Василий Кириллович смешался: новость была неожиданной. Он проворчал:
— Ну, орден — эка невидаль! От него ни сыт, ни пьян не будешь.
— Но ведь и в чине повысят.
— А что чин? Тебе не с чином — с мужем жить! — разгорячился Василий Кириллович, но вспомнил о своем письме наследнику, махнул рукой и вышел.
Ответа от Павла Петровича не поступало. Шли дни, напрасно Василий Кириллович кидался к почтальону в ожидании ласкового письма. Молчание было угрожающим.
И вдруг однажды прибыл гонец с приглашением явиться к кабинет-министру Елагину.
Счастливый Василий Кириллович долго вертелся в день визита перед зеркалом, сдувал с камзола пылинки.
По поручению Воронцова Александр Николаевич отправился в поездку, чтобы представить доклад о податях Петербургской губернии.
Дорога мучила пылью, тряской. Но случались и награды за муки: встречи неожиданные и удивительные.

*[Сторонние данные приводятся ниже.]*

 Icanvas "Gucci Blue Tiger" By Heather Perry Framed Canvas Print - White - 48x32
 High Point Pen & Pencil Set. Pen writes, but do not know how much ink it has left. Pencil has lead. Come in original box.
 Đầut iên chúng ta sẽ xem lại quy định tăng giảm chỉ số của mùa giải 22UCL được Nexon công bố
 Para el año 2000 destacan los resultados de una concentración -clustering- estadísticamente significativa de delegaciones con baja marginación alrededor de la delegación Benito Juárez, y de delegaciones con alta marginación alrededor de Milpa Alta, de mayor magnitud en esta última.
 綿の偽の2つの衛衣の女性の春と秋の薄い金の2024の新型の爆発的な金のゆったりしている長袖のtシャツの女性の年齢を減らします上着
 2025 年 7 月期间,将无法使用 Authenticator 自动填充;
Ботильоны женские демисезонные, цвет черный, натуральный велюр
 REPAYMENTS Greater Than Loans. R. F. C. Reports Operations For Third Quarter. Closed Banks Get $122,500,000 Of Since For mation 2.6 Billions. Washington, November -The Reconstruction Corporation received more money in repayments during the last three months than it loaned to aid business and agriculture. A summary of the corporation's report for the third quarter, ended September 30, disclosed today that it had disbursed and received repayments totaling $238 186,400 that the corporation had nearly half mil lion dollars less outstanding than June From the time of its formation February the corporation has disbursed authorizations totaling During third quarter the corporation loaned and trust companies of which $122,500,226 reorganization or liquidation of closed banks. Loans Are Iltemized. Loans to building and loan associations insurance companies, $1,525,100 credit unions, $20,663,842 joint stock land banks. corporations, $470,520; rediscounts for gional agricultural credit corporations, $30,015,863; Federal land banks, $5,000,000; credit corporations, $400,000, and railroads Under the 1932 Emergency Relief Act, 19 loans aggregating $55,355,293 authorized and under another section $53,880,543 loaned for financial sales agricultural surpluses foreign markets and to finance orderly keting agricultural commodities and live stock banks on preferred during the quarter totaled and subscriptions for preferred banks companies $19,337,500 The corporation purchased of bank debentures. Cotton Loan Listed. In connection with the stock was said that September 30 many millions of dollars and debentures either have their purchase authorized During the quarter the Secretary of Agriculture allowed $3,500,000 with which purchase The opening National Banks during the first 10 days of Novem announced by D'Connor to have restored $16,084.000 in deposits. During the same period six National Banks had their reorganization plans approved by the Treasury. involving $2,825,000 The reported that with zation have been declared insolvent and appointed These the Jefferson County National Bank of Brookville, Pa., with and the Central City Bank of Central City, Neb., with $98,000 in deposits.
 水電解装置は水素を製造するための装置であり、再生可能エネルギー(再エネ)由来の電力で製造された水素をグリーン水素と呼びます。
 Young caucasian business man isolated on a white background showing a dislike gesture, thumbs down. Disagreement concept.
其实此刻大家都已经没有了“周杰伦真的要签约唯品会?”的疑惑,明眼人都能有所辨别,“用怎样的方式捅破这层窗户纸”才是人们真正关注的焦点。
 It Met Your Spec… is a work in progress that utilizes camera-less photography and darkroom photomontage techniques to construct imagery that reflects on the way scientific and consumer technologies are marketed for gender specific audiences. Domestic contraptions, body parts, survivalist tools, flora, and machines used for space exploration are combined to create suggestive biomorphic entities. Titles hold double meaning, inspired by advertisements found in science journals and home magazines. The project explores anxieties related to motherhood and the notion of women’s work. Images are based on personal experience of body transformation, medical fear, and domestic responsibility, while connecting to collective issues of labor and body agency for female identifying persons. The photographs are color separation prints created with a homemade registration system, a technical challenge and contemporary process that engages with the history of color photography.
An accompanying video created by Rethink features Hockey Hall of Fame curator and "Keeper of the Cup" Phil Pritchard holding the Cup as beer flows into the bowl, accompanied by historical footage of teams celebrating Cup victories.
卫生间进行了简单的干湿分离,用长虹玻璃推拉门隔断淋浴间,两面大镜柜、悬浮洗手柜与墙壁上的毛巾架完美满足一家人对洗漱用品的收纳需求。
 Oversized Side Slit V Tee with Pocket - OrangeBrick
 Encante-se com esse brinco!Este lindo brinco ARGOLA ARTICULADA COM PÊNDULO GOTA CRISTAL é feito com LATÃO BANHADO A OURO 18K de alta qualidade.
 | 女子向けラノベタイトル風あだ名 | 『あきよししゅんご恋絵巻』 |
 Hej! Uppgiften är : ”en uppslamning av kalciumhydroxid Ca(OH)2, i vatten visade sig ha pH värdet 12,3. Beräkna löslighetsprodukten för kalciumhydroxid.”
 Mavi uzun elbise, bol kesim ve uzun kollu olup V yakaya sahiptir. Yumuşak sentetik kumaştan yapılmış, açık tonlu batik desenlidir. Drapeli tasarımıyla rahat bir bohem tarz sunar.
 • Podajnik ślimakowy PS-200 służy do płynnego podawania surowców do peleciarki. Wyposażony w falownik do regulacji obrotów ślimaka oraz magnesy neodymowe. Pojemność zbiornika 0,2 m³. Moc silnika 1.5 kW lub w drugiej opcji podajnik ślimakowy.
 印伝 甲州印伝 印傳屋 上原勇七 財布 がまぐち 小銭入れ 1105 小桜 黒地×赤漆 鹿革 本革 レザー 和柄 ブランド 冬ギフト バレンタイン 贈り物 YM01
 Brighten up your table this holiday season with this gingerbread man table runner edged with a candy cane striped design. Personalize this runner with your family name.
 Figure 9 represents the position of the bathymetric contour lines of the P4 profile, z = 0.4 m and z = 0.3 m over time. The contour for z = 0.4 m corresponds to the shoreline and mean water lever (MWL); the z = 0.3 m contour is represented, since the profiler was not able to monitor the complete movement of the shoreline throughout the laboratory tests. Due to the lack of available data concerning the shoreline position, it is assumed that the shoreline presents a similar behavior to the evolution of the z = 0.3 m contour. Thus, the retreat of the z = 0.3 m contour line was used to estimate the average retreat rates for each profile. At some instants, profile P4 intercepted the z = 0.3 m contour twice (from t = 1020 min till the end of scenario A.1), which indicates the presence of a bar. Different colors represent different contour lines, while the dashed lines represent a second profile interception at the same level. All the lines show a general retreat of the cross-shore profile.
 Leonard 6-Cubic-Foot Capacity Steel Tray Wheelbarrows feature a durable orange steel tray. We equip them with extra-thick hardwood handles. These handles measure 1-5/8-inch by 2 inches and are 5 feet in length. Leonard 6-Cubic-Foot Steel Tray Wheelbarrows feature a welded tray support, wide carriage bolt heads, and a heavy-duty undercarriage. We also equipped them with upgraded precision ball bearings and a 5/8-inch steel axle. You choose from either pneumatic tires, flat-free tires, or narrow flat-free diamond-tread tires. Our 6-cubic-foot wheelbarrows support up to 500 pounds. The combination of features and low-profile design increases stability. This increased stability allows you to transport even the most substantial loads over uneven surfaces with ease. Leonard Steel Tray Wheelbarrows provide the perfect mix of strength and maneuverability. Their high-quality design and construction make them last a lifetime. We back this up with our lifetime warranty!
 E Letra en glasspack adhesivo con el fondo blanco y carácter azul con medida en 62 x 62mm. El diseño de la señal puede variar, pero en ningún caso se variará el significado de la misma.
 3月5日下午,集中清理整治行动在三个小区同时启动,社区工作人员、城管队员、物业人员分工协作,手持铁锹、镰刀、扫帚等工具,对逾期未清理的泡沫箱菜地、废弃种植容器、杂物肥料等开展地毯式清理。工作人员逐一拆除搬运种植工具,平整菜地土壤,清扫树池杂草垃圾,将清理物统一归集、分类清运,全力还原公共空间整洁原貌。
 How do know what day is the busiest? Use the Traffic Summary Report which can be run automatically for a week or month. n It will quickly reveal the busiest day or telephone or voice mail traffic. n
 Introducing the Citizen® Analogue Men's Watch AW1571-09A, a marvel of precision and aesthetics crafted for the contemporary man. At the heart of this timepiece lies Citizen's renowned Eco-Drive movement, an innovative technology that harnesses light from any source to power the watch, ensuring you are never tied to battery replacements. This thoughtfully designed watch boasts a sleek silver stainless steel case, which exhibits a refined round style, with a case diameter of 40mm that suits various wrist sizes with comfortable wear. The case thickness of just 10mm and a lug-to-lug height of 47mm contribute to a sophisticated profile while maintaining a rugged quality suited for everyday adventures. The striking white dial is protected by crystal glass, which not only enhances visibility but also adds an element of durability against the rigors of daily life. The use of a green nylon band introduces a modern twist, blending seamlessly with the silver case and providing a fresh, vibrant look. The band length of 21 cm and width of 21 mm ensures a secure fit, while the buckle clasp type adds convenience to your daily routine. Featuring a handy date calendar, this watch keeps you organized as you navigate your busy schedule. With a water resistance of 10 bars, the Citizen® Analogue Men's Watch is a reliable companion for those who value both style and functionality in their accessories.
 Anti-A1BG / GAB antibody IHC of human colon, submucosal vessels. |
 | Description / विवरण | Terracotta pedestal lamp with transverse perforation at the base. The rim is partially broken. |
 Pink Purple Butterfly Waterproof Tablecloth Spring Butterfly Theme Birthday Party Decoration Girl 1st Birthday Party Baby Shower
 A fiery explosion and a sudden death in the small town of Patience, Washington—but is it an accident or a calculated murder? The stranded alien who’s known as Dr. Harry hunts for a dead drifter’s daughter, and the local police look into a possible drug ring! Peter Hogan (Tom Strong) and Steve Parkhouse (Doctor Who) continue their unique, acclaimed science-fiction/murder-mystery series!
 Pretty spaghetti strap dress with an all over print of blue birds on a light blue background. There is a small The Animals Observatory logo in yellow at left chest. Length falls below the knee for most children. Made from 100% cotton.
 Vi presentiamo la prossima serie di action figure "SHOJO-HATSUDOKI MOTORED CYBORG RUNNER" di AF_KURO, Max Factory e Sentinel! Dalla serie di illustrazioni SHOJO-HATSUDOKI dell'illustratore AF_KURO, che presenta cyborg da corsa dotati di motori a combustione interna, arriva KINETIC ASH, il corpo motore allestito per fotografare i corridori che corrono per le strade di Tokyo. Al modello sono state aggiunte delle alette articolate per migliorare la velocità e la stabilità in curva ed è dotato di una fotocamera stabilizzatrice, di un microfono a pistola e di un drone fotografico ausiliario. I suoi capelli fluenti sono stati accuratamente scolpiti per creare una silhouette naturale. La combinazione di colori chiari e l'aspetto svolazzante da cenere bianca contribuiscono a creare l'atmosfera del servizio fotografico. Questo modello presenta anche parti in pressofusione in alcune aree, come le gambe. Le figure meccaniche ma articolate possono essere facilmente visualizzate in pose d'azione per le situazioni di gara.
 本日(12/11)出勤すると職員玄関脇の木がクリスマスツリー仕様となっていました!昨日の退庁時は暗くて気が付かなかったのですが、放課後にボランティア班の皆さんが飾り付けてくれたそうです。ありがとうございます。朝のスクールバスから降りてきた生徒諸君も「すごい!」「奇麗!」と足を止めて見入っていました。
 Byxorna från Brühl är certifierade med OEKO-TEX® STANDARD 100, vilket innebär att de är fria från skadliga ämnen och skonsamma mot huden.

Однажды в почтовой избе при станции он встретил стряпчего, регистратора разрядного архива, который собирал родословные многих российских дворянских родов. Стряпчий хотел сей труд выгодно продать благородным семьям, ибо слух носится, что те, кто докажет свое происхождение за двести или триста лет, будут награждены титулом маркиза и пред другими родами заимеют некоторое отличие. Регистратор глядел заискивающе. Александр Николаевич вздохнул: такая родословная, может быть, Рубановскому сгодилась бы, а ему, Радищеву, бесполезна. У Радищевых предки татарские мурзы, значит, звания маркиза не выкроишь. Ну а если кто и найдет в предках Рюриковичей, все равно вред большой происходит от труда усердного чиновника, ибо возрождает истребленное зло — хвастовство древней дворянской породой. Он протянул деньги регистратору и посоветовал использовать его труд для обклейки стен.
Вымощенная бревешками пыточная дорога, крики извозчиков, вранье почтовых комиссаров, божившихся, что нет лошадей, дурная еда на станциях — все эти временные муки сразу забывались, стоило ему увидеть живописную группу крестьянских девок, полоскавших белье на реке, или слепого гусляра, который пел песню «Как было во городе во Риме…», или странного мужика, пашущего ниву в воскресенье.
Он вылезал из кибитки, расспрашивал, слушал рассказы встречных и ехал дальше, пораженный, уязвленный увиденным, не замечая скверной дороги.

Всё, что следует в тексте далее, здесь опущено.